::: INPUT FOR THIS TASK :::
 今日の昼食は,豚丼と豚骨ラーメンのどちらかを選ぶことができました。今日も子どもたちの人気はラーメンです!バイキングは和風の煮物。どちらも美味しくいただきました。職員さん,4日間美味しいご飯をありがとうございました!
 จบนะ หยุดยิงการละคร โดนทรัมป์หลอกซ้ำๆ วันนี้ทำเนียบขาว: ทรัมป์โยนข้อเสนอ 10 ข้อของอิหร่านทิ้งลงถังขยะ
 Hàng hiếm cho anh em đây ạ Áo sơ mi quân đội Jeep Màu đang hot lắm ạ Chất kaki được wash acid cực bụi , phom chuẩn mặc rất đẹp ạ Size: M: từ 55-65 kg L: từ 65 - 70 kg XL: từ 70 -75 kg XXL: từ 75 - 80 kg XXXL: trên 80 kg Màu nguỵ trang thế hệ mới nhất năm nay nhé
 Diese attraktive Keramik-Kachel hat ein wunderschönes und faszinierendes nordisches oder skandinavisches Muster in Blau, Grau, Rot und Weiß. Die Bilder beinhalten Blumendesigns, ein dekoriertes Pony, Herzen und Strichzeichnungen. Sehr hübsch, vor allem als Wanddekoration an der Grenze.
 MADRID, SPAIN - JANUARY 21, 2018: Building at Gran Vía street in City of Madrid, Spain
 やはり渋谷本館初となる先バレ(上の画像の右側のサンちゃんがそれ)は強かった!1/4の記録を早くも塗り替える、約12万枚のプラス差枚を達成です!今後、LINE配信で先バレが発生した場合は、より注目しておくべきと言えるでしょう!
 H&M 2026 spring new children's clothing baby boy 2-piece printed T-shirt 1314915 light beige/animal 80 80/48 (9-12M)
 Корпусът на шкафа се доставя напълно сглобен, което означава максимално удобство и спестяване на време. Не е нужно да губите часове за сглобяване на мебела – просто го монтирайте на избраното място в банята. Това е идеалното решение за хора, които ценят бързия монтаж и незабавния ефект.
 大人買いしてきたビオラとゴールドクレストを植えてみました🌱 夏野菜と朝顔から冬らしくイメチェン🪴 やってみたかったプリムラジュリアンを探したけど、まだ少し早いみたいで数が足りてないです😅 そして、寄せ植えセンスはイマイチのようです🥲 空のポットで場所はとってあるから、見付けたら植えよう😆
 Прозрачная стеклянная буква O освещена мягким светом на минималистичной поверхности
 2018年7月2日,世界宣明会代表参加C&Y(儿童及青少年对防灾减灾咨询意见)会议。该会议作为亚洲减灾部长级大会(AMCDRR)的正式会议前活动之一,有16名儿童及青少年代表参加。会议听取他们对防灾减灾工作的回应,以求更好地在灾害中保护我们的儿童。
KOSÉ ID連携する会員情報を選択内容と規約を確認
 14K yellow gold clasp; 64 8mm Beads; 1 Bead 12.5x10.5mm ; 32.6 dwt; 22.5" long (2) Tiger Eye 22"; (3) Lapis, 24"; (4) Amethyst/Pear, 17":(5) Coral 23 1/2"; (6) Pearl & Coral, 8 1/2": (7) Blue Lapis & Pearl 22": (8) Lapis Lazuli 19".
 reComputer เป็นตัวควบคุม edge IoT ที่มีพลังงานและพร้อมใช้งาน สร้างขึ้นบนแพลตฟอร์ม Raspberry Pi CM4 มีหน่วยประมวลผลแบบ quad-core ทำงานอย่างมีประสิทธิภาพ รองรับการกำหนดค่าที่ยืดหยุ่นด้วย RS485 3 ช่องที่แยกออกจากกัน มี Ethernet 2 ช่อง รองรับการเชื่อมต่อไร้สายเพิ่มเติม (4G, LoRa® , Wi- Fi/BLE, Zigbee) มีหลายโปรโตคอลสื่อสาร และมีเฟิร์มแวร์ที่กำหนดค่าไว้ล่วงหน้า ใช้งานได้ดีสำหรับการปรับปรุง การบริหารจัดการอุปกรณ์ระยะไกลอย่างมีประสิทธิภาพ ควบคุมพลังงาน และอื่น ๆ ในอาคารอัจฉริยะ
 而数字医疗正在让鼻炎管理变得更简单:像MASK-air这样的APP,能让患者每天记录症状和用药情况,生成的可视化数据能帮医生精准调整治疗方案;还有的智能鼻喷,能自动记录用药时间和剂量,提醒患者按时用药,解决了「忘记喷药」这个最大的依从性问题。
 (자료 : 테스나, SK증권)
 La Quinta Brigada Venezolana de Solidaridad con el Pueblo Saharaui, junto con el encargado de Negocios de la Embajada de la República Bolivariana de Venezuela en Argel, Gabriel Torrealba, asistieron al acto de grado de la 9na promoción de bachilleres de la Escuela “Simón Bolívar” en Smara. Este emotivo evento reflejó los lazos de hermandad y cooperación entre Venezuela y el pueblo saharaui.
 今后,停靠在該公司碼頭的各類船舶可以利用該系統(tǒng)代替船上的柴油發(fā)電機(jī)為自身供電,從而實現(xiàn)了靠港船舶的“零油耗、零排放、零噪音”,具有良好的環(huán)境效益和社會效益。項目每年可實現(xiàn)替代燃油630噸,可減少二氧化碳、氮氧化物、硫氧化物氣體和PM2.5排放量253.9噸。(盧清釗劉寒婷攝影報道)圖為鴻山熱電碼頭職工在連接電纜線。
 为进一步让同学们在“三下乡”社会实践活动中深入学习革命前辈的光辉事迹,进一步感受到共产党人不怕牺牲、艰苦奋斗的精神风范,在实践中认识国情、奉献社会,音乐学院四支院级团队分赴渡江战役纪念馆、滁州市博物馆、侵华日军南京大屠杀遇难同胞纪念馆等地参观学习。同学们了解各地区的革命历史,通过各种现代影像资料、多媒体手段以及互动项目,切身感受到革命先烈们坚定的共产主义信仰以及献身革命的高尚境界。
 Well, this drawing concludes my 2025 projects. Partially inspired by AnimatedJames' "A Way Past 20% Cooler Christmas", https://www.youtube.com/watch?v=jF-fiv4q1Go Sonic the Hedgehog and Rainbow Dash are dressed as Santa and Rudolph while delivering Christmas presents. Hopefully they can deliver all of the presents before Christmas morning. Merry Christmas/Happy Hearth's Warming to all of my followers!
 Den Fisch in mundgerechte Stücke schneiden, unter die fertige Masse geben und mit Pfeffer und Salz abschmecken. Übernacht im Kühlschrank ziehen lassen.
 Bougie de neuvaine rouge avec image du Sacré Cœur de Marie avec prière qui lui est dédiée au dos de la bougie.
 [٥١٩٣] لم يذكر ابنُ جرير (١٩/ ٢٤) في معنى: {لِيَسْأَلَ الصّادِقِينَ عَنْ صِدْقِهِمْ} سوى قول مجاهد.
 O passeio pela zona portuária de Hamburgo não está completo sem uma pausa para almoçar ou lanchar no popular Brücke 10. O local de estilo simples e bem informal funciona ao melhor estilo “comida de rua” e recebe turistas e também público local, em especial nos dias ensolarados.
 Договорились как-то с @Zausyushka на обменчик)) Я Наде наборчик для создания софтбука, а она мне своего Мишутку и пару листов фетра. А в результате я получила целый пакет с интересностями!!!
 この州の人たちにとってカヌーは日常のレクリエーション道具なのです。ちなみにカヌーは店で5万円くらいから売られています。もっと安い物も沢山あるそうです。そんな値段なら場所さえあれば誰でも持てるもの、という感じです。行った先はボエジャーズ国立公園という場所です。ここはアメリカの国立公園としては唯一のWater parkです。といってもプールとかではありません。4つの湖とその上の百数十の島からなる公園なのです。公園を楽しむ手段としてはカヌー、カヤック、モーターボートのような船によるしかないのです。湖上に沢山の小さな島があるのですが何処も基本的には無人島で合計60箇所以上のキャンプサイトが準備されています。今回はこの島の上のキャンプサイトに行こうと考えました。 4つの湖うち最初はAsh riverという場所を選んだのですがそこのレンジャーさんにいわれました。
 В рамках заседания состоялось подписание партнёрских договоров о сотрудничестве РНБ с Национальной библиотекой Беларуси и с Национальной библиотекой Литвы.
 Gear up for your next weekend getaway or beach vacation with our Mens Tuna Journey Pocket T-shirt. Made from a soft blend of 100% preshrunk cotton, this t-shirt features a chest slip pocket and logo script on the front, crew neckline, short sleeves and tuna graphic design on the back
:::
> **WHAT IS REQUIRED**
Using the material above, gather every line that includes "shirt".

> **RESULT**
 H&M 2026 spring new children's clothing baby boy 2-piece printed T-shirt 1314915 light beige/animal 80 80/48 (9-12M)
 Gear up for your next weekend getaway or beach vacation with our Mens Tuna Journey Pocket T-shirt. Made from a soft blend of 100% preshrunk cotton, this t-shirt features a chest slip pocket and logo script on the front, crew neckline, short sleeves and tuna graphic design on the back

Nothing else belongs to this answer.